April 17, 2026: Two bright stars, Arcturus and Spica, anchor the eastern sky after sunset while Venus and Jupiter shine in the west. Use this guide to locate them and understand their motion.

by Jeffrey L. Hunt
Chicago, Illinois: Sunrise, 6:07 a.m. CDT; Sunset, 7:34 p.m. CDT. Times are calculated by the US Naval Observatory’s MICA computer program. Check local sources for sunrise and sunset times.
Venus as an Evening Star
April Evenings

With brilliant Venus, Jupiter, and winter’s brightest stars in the western sky after sunset, the eastern sky has two bright stars, Arcturus and Spica.
Arcturus in East
Step outside an hour after sunset. Topaz Arcturus is about 25° above the eastern horizon. The star’s name means “bear guard,” and along with its constellation, Boötes, it chases the Great Bear (Big Dipper).
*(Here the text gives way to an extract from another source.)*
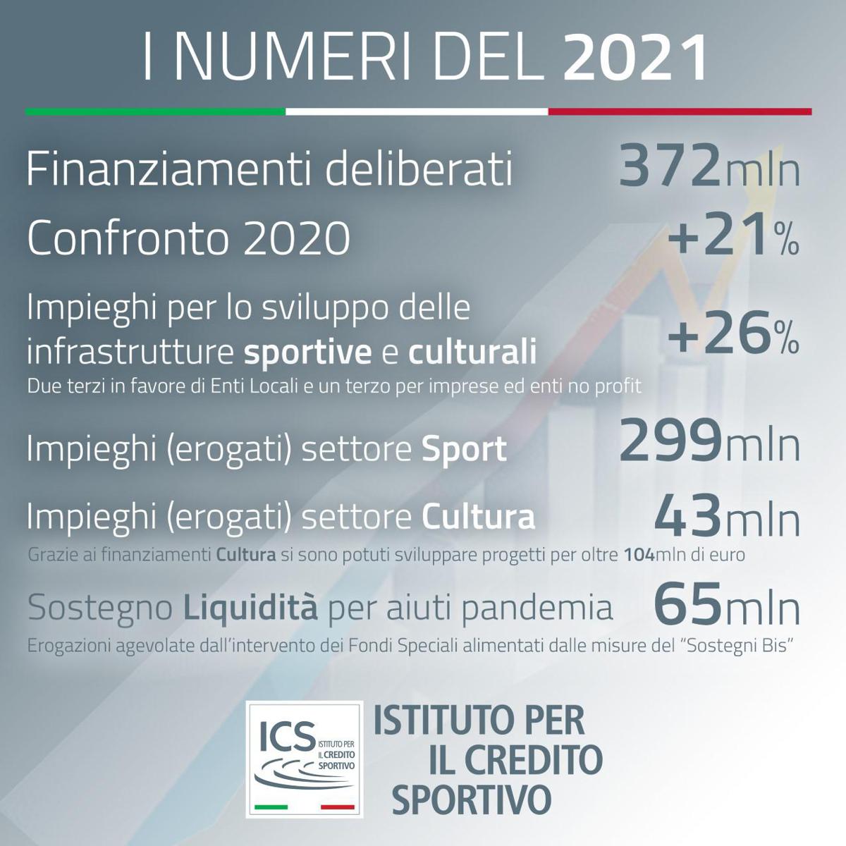 Un 2021 in crescita per l’Istituto per Il Credito Sportivo (Ics), che ha chiuso l’anno con numeri eccellenti, confermando una tendenza positiva già manifestata nell’esercizio 2020. L’Ics, Banca sociale per lo sviluppo sostenibile dell’Italia attraverso lo Sport e la Cultura, ha raggiunto un nuovo record sia in relazione alle erogazioni dei finanziamenti, 342 milioni di euro (+6%) rispetto al 2020, sia relativamente agli importi deliberati che si attestano a 372 milioni di euro di nuovi affidamenti, in rilevante crescita di circa 63,8 milioni di euro (+21%) rispetto al 2020. Rilevante, in particolare, la spinta degli impieghi per lo sviluppo infrastrutturale sportivo e culturale, che hanno raggiunto i 277 milioni di euro, con una crescita di circa 58 milioni di euro (+26%) rispetto al risultato del 2020, dei quali circa i due terzi sono stati a favore di Enti Locali e un terzo per imprese ed enti no profit.

At this hour the dipper is high in the north-northeast.
Arcturus is the brightest star north of the celestial equator, the imaginary circle in the sky above Earth’s equator, and the second brightest star visible from the mid-northern latitudes after Sirius. The star is 37 light years away and shines with an intensity of 100 suns.
In Chicago, Arcturus has connections to a great event in the city. The 1933 World’s Fair used Arcturus’ light to energize photoelectric cells attached at the eyepieces of four telescopes in the eastern U.S. — Yerkes Observatory, University of Illinois, Allegheny Observatory, and Harvard Observatory — to switch on a searchlight that signaled the beginning of the fair.
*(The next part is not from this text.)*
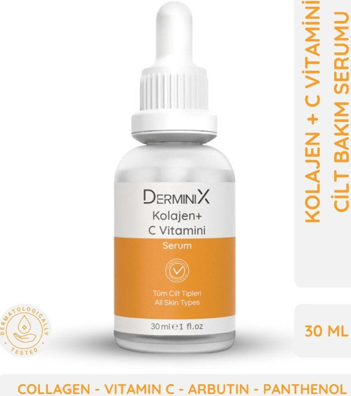 Derminix Kolajen + C Vitamini Serum Cildi yenileyerek aynı zamanda beslemeyi hedefleyen bu serum, içeriğindeki güçlü antioksidanların sinerjik etkisiyle leke oluşumunu baskılayarak cilt lekeleri konusunda hassas bir bakım sunar. Özellikle donuk ciltler, cilt tonu eşitsizliği yaşayan ciltler ve yaşlanma karşıtı bakım ihtiyacı olan ciltler için uygundur. Serum, ince kırışıklıkların azalmasına ve cildin parlak ve gergin bir görünüm kazanmasına yardımcı olur. İçeriğinde bulunan kolajen, ince kırışıklıkların azalmasına ve cildin parlaklığının artmasına destek olurken, C vitamini mükemmel bir antioksidan olarak kolajen sentezini artırır, cilt tonunu eşitler ve yaşlılık lekelerinin azalmasına yardımcı olur. Arbutin, ciltte fazla melanin üretimini engelleyerek güneş, yaşlanma ve akne gibi nedenlerle ortaya çıkan koyu lekelerin önüne geçmeye yardımcı olur. Panthenol (B5 vitamini), cildi nemlendirir ve nemi ciltte tutmaya yardımcı olur. E vitamini cilt kuruluğu, kırışıklıklar ve güneş hasarı gibi cilt problemlerinin üstesinden gelmeyi kolaylaştırır. Hyaluronic asit, cildin elastikiyetini korur ve cildi pürüzsüzleştirir, aynı zamanda doğal bir antioksidan özelliği sunar. Kullanımı oldukça basittir

Arcturus was thought to be 40 light years away. The 1933 fair was 40 years after the 1893 Columbian Exposition that also occurred in Chicago. There is a competing story that the searchlight was signaled from the light of a telescope set up on the fairgrounds.
Spica
From Arcturus, blue-white Spica, Virgo’s brightest star, is over 30° to the lower right. As the 10th brightest star visible from the mid-northern latitudes and shining with an intensity of nearly 2,000 suns, Spica is 250 light years away.
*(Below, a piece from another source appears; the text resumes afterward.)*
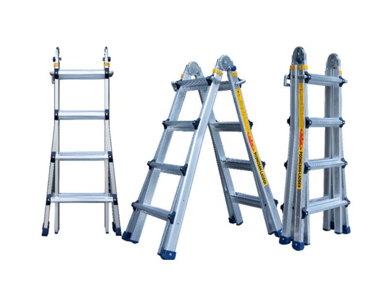 Ngoài ra, thang nhôm gấp đa năng cũng được ưa chuộng bởi khả năng biến đổi linh hoạt thành nhiều kiểu dáng: chữ A, chữ I hoặc dạng giàn giáo nhỏ. Đây là lựa chọn lý tưởng cho các công việc yêu cầu thao tác lâu trên cao như sơn trần, dán trần thạch cao hoặc treo đèn lồng trang trí Tết. Sự đa dạng về mẫu mã cho phép người dùng tùy chọn loại thang phù hợp với nhu cầu và không gian nhà ở.

Arcturus and Spica are in the sky nearly all night. Arcturus sets in the west-northwest after sunrise, while Spica sets in the west-southwest during morning twilight. Each night these stars appear slightly farther eastward. At the summer solstice, Arcturus is high in the south-southwest, while Spica is below it, less than halfway up in the south-southwest.